* **What to produce**: Copy out the listing that follows, exact in every word, and skip the images.

=== Task input ===

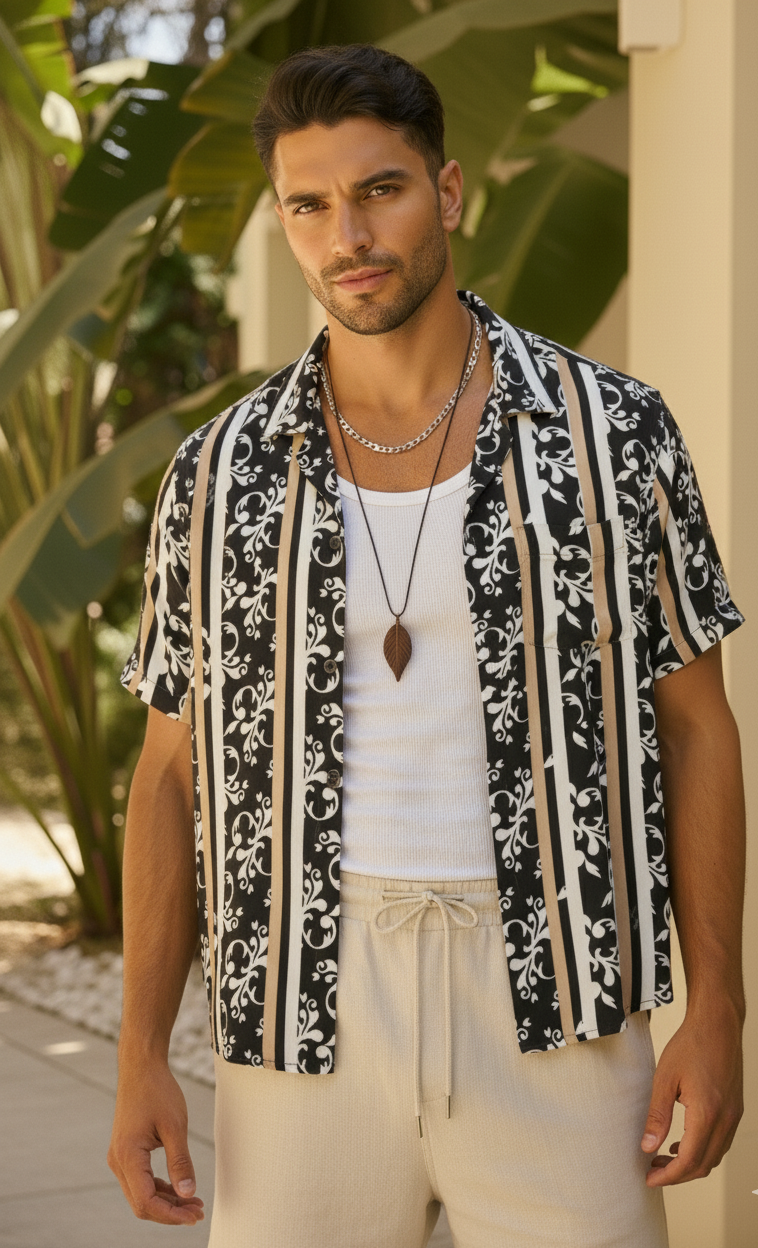 The Veyra Shirt is engineered for absolute comfort in the heat. This men’s casual shirt is crafted from a custom, lightweight blend of premium tencel and soft rayon. The fabric offers a beautiful, fluid drape and a soft-to-the-touch feel, making this the perfect short sleeve shirt to keep you cool all day long. Its classic camp collar (also known as a Cuban collar) and relaxed fit create the ideal silhouette for a laid-back, sophisticated men’s summer shirt.
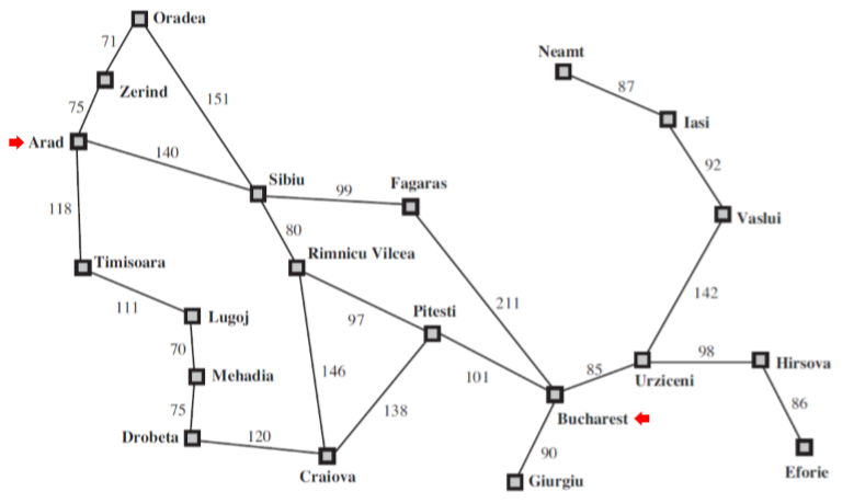 Arad에서 Bucharest를 가는 경우를 생각해보자.
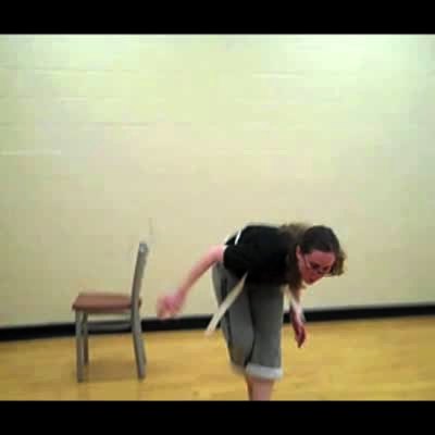 A teen girl is practicing karate kicks and accidentally kicks a chair at 0:23.
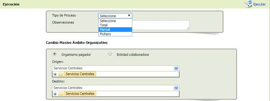 - [Tipo de Proceso] Lista de valores con las opciones de ejecución del proceso (total, parcial o fichero).
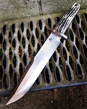 A one-of-a-kind Bowie, made to reflect old west styling, but with the best of modern standards. Large enough to do serious work, but light enough to be fast and not the least bit unweildly. This is a knife that was originally made for my personal collection and is unlikely to be recreated.
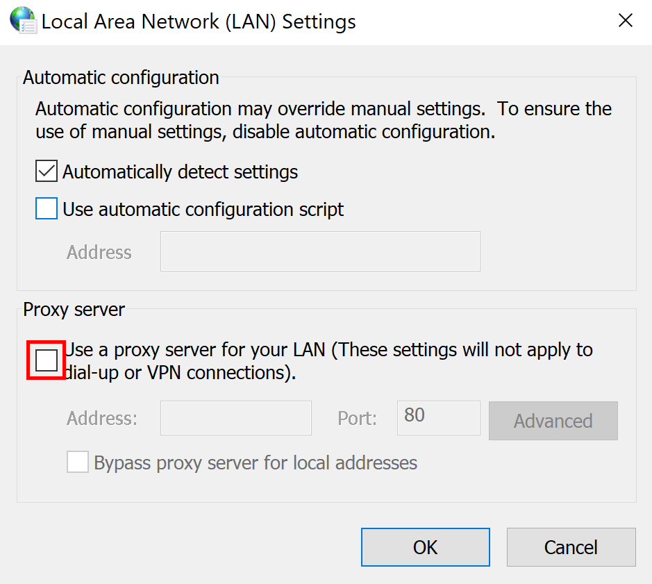 - Desmarque a caixa de seleção Usar um servidor proxy conforme ilustrado abaixo:
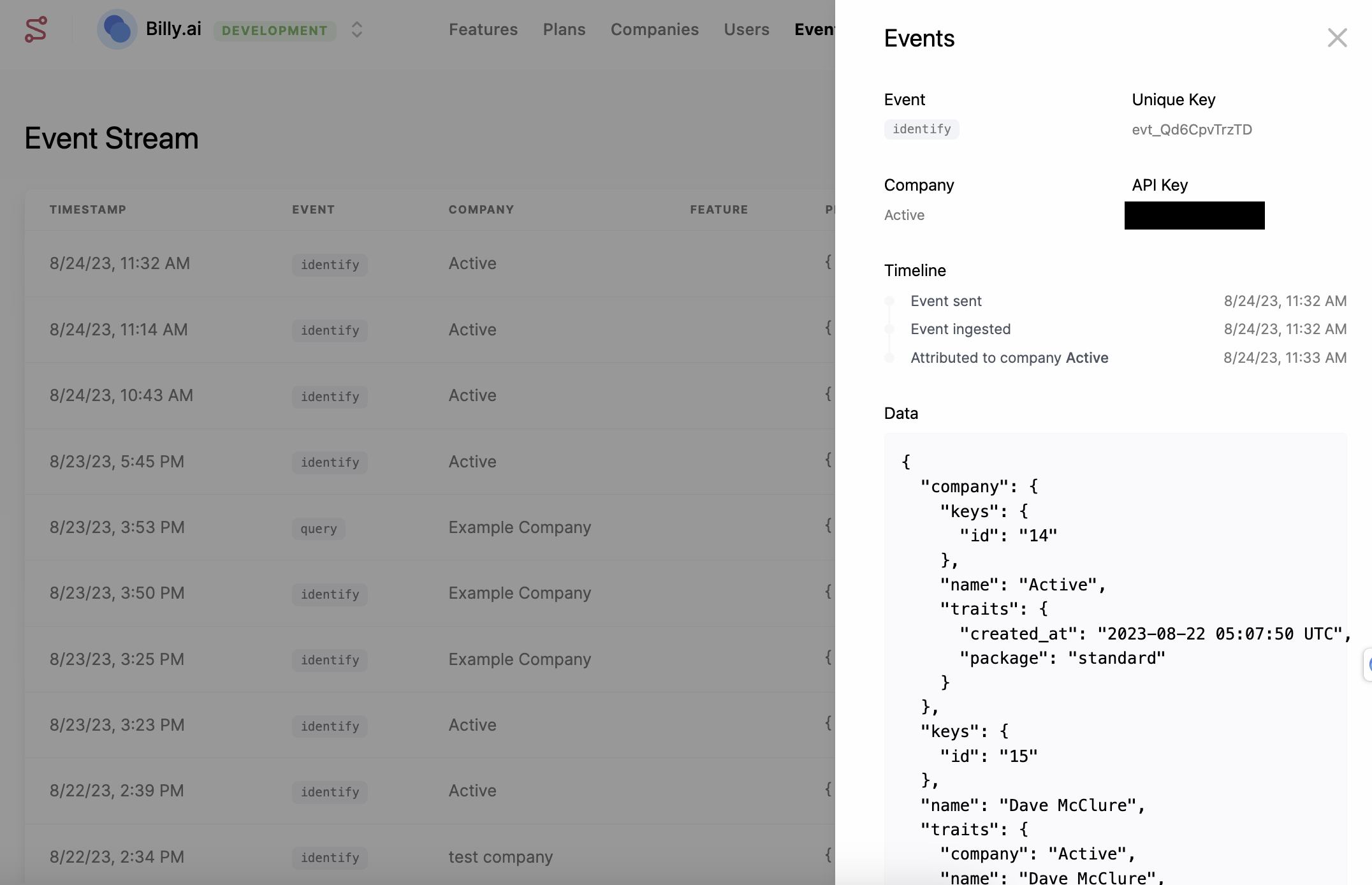 You can use the Events tab to verify identify and track requests are getting to Schematic and that they are being properly associated with users, companies, and features. This is also possible in the company and user profile views.
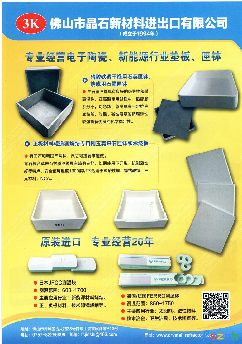 佛山市晶石新材料進出口有限公司 鋰電池耐火材料 鋰電池原料行業(yè)正 負極專用燒結匣缽點擊:732 查看原圖![]() ![]() ![]() 佛山市建嘉建材有限公司
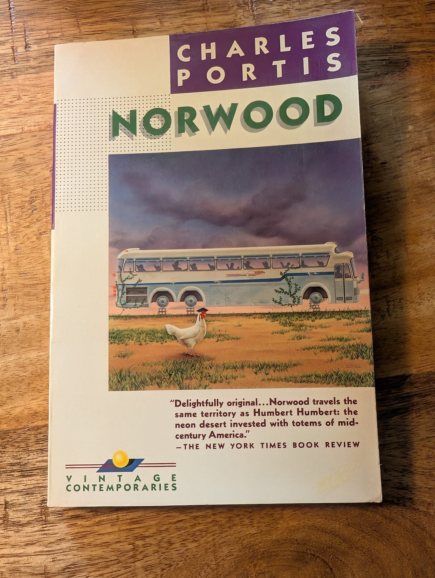 Portis went on to bigger things, as they say. As a newspaperman with the New York Herald Tribune, he covered the civil rights movement in his native South and later became the paper’s London bureau chief; as an author, he wrote some of the best comic novels you could hope to read. TRUE GRIT is the most famous, but start with NORWOOD, his first, the one with the college-educated chicken. My favorite is the picaresque DOG OF THE SOUTH, where the narrator, Ray Midge, tells us about all the interesting things he sees out on the road:
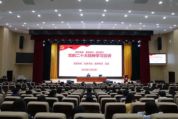 12月7日下午,党委委员、纪委书记、监察专员王强在龙湖校区信息中心东辅楼报告厅为财经学院、化学与材料工程学院教职工和学生骨干代表作党的二十大精神宣讲报告。
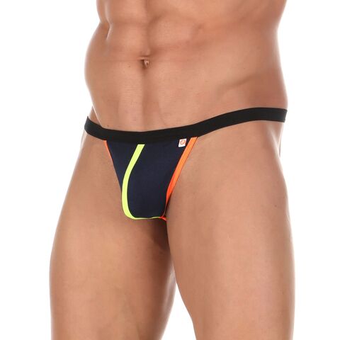 Темно-синие сексуальные трусы-стринги с оранжевой и салатовой окантовкой.
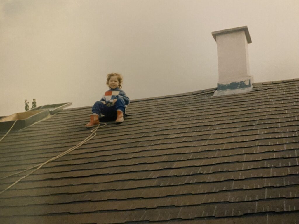 Jizvu přes půl palce mám dodnes, ale strach z ostrých nožů a nástrojů obecně ne. Nikdo mi totiž nic nevyčítal a nestrašil mě, jak moc je to nebezpečný. Naopak. Když byl palec ošetřený, probrali jsme s taťkou co se přesně stalo, kde byla chyba a jak se tomu příště vyvarovat. Nejlepší škola. Dokonce i teď, když pracuju třeba s ostrým dlátem (nebo lezu ve výškách – viz foto), jsem si zatraceně dobře vědomá, co se může stát a cíleně tomu předcházím – pracuji směrem od sebe a materiál mám pevně uchycený. Kožené rukavice v některých případech také nejsou k zahození. V každém pohybu počítám s tím, že mi dláto může sklouznout a dbám na to, abych v tom místě neměla žádnou část těla 🙂

===

* **Exercise result**:
 The Veyra Shirt is engineered for absolute comfort in the heat. This men’s casual shirt is crafted from a custom, lightweight blend of premium tencel and soft rayon. The fabric offers a beautiful, fluid drape and a soft-to-the-touch feel, making this the perfect short sleeve shirt to keep you cool all day long. Its classic camp collar (also known as a Cuban collar) and relaxed fit create the ideal silhouette for a laid-back, sophisticated men’s summer shirt.
 Arad에서 Bucharest를 가는 경우를 생각해보자.
 A teen girl is practicing karate kicks and accidentally kicks a chair at 0:23.
 - [Tipo de Proceso] Lista de valores con las opciones de ejecución del proceso (total, parcial o fichero).
 A one-of-a-kind Bowie, made to reflect old west styling, but with the best of modern standards. Large enough to do serious work, but light enough to be fast and not the least bit unweildly. This is a knife that was originally made for my personal collection and is unlikely to be recreated.
 - Desmarque a caixa de seleção Usar um servidor proxy conforme ilustrado abaixo:
 You can use the Events tab to verify identify and track requests are getting to Schematic and that they are being properly associated with users, companies, and features. This is also possible in the company and user profile views.
 佛山市晶石新材料進出口有限公司 鋰電池耐火材料 鋰電池原料行業(yè)正 負極專用燒結匣缽點擊:732 查看原圖![]() ![]() ![]() 佛山市建嘉建材有限公司
 Portis went on to bigger things, as they say. As a newspaperman with the New York Herald Tribune, he covered the civil rights movement in his native South and later became the paper’s London bureau chief; as an author, he wrote some of the best comic novels you could hope to read. TRUE GRIT is the most famous, but start with NORWOOD, his first, the one with the college-educated chicken. My favorite is the picaresque DOG OF THE SOUTH, where the narrator, Ray Midge, tells us about all the interesting things he sees out on the road:
 12月7日下午,党委委员、纪委书记、监察专员王强在龙湖校区信息中心东辅楼报告厅为财经学院、化学与材料工程学院教职工和学生骨干代表作党的二十大精神宣讲报告。
 Темно-синие сексуальные трусы-стринги с оранжевой и салатовой окантовкой.
 Jizvu přes půl palce mám dodnes, ale strach z ostrých nožů a nástrojů obecně ne. Nikdo mi totiž nic nevyčítal a nestrašil mě, jak moc je to nebezpečný. Naopak. Když byl palec ošetřený, probrali jsme s taťkou co se přesně stalo, kde byla chyba a jak se tomu příště vyvarovat. Nejlepší škola. Dokonce i teď, když pracuju třeba s ostrým dlátem (nebo lezu ve výškách – viz foto), jsem si zatraceně dobře vědomá, co se může stát a cíleně tomu předcházím – pracuji směrem od sebe a materiál mám pevně uchycený. Kožené rukavice v některých případech také nejsou k zahození. V každém pohybu počítám s tím, že mi dláto může sklouznout a dbám na to, abych v tom místě neměla žádnou část těla 🙂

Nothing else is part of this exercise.